Ao mesmo tempo, os hiperescaladores vêm investindo em tecnologias capazes de oferecer energia limpa de forma contínua. Entre as apostas estão pequenos reatores nucleares modulares (SMRs), sistemas geotérmicos avançados, novas tecnologias de armazenamento em baterias e até conceitos mais experimentais, como energia solar transmitida do espaço.
Segundo a Columbia Business School, essas empresas já desempenham um papel central no financiamento de projetos renováveis. Amazon, Microsoft, Google e Meta respondem juntas por mais da metade dos novos contratos corporativos de compra de energia renovável nos Estados Unidos.

O que vai definir os vencedores da corrida de IA?
Especialistas acreditam que os vencedores serão definidos principalmente pela capacidade de construir e sustentar infraestrutura.

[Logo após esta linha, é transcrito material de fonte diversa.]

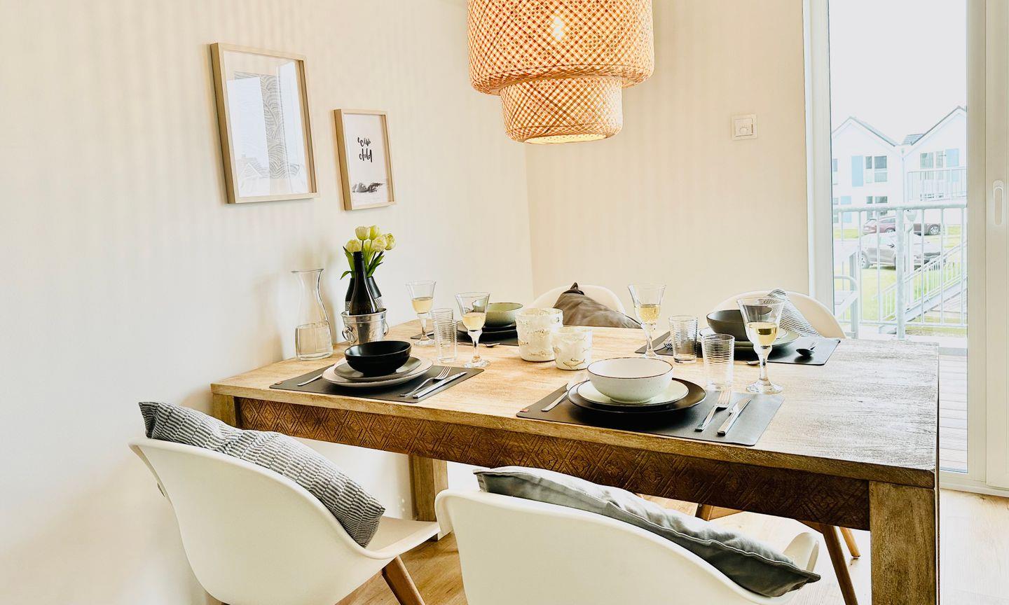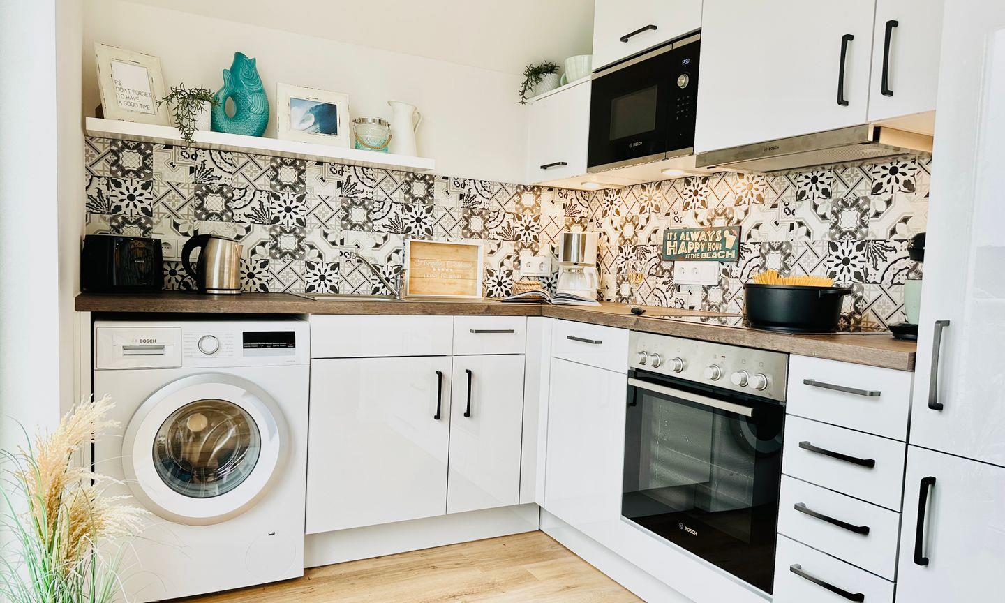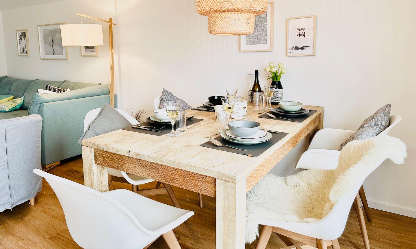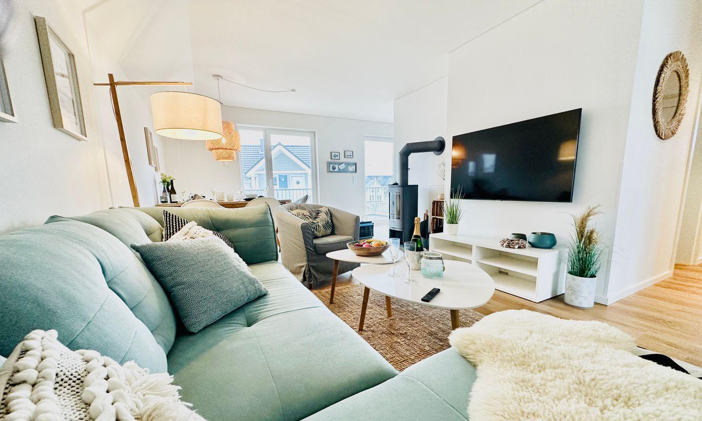 Freuen Sie sich auf eine stilvoll eingerichtete Ferienwohnung im Beachhouse-Stil, die durch ihre durchdachte Ausstattung überzeugt. Die großzügige Ferienwohnung im Obergeschoss bietet Platz für bis zu 5 Personen und besticht durch ein offenes Raumkonzept sowie einen sonnigen Süd-West-Balkon. Hier können Sie den Alltag hinter sich lassen und in entspannter Atmosphäre Urlaub machen. Der offene Wohn-/Essbereich, der durch bodentiefe Fensterfronten und den großen Balkon viel Licht hereinlässt, bildet das Herzstück der Wohnung. Die gemütliche Sofalandschaft lädt zum Entspannen ein, während der Esstisch ideale Bedingungen für gesellige Abende bietet. Sollte das norddeutsche Wetter einmal ungemütlich werden, sorgen ein Kamin und eine Infrarot-Sauna für wohlige Wärme. Bei schönem Wetter bietet der große Balkon die perfekte Gelegenheit, die frische Ostseeluft zu genießen oder einen gemütlichen Grillabend zu veranstalten. Die offene, gut ausgestattete Küche lässt Hobbyköche voll auf ihre Kosten kommen.
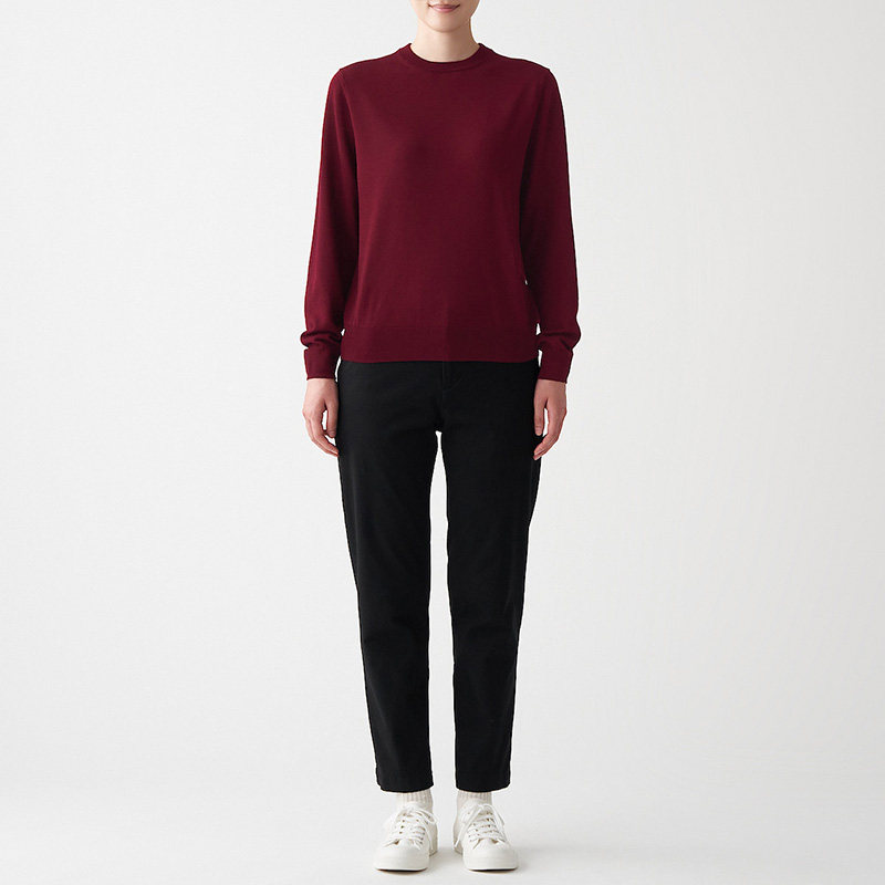 No print good products MUJI Women's wool mulberry silk washable round neckline sweater

Para Buhler, fatores como acesso a energia, disponibilidade de data centers, capacidade de obter licenças regulatórias e transformar esses investimentos em receitas recorrentes serão decisivos. Na avaliação dele, a disputa não será vencida necessariamente pela empresa com o melhor modelo de IA, mas por quem conseguir construir, energizar e rentabilizar sua infraestrutura com mais eficiência.
Kenneth Corrêa compartilha uma visão semelhante. Segundo ele, a liderança ficará com as empresas capazes de dominar toda a cadeia tecnológica da IA, desde a infraestrutura física até a entrega dos serviços ao cliente final.
O especialista também acredita que a próxima etapa da competição será marcada pela expansão dos chamados agentes de IA. Nesse cenário, tende a levar vantagem quem oferecer a melhor base tecnológica para que empresas construam suas próprias redes de agentes inteligentes.
Na visão de Corrêa, os futuros líderes do setor serão aqueles que conseguirem combinar acesso confiável a energia, modelos avançados e um ecossistema robusto para clientes e desenvolvedores.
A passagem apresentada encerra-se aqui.